From Jonah surviving a week in a fish’s belly to Jesus’ resurrection itself, the Christian scriptures are full of miracles. By definition things that do not happen naturally, these fantastic events defy the laws of physics and point to God’s intervention in history.

In the Hebrew Bible, God sends plagues to Israel’s oppressors, a man parts the sea, and food manifests for the hungry. These miracles demonstrate Yahweh’s steadfast commitment to Israel against more powerful enemy kingdoms who worship other gods. In the New Testament, Jesus heals the sick and even raises the dead, miracles which largely revolve around Jesus’ authority as Lord and compassion towards society’s most marginalised and vulnerable.

Interpreting these fantastic stories of miraculous events is a matter that divides biblical scholars. To our modern sensibilities, these events that go against our scientific, rational approach seem ridiculous, the intervention of a God willing to break the laws of physics in ways that never happen nowadays.

In keeping with this, a number of theologians hold that miracles never happened. Instead, they suggest, the stories that the Bible contains are better understood metaphorically, describing a deeper truth in poetic ways.

While this approach is far from universal, it is a widespread way of understanding the creation narratives in Genesis.

Another way of approaching scripture’s miracles is looking to the deeper significance of the narratives themselves. Rather than being caught on the likelihood of whether or not the Bible’s events happened, this approach asks what they mean.

Karl Barth is one famous proponent of this approach. After delivering a lecture, Barth was once asked “Is it true that the serpent really spoke?” The heavyweight Swiss theologian replied, “It does not matter whether or not the serpent really spoke; all that matters is what the serpent said.”

Wendy Cotter is a Professor of New Testament at Chicago’s Loyola University. She writes that the Bible’s miracles “can be read to reflect the mercy and compassion of God.”

As Professor Cotter further suggests, Jesus’ miracles in the Gospels depict Him as meeting the needs of people who step forward as petitioners.

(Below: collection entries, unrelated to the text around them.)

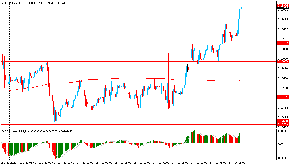 Вчера пара EUR/USD торговалась с повышением и закрыла день на положительной территории около цены $1.1935. Сегодня пара также немного выросла, поднявшись к отметке $1.1990. На часовом графике EUR/USD все еще торгуется выше линии скользящей средней МА (200) Н1 ($1.1845). На четырехчасовом графике ситуация аналогичная. Исходя из вышесказанного, вероятно, стоит придерживаться северного направления в торговле и пока пара остается выше MA 200 H1, необходимо искать точки входа на покупку на формирование коррекции.
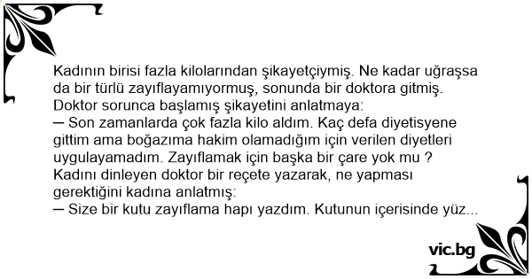 Kadının birisi fazla kilolarından şikayetçiymiş. Ne kadar uğraşsa da bir türlü zayıflayamıyormuş, sonunda bir doktora gitmiş. Doktor sorunca başlamış şikayetini anlatmaya:
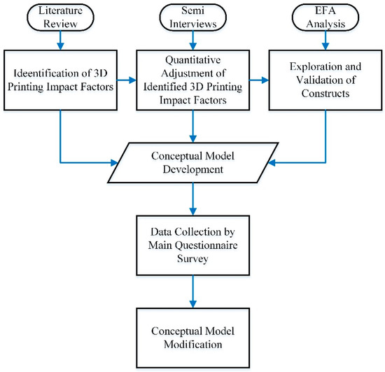 The methodology flowchart is presented in Figure 2. Fifteen specialists in the Malaysian residential building industry were contacted to validate and classify the 3D construction impact factors according to Table 1. Zyphur and Pierides [96] stated that it has been shown from prior research that there are just a handful of worldwide drivers impacting 3D printing acceptance and regulatory focus. Therefore, this study included a pair of questionnaires. Before using measuring equipment in the main research, it is standard practice to perform a pilot study to ensure its accuracy. Primary research is the next stage to test this notion.

“The New Testament authors intended these stories to teach their audiences: even if the would-be Christian is unable to perform miracles, he or she could reach out and show mercy and compassion, like Jesus, to others”

Jonathan Foye is Insights’ Editor.


1 thought on “The Meaning of Miracles”

  1. This article seems to play down the status of miracles in Christianity. Are we to regard the Resurrection of Christ as a metaphor, and the Incarnation of God in our world as a metaphor, events to be understood as a “narrative” only? The Bible uses the words “signs and wonders” in many places. The Oxford says the word “miracle” derives from “Wonder”. It seems to me that “sign” points to a sense of meaning. Hence the meaning of a wonderful event needs to be reflected upon. The article rightly mentions this aspect.

    Note that the “laws of physics” do not control or even explain events and behaviours in our world. They have been developed only to describe behaviours. The consistency behind those laws is God-given as part of Creation, and is an object of wonder in itself, yet humans take it all for granted and on faith as the very foundation of Science. In thinking about the possibility of miracles I think “our modern sensibilities” may need a reality check to get onto good philosophical ground. Read CS Lewis’s book on Miracles to elaborate on this. So I do not think the reality of signs and wonders generally in the Scriptures need to be played down by Christians by assuming or accepting in general that they are metaphor and did not occur in fact. Each case needs consideration on its own merits.

    Many wonders whether in Scripture or our own world seem to be extraordinary coincidences of timing, without any violation of the laws of physics, but they can still be called miracles.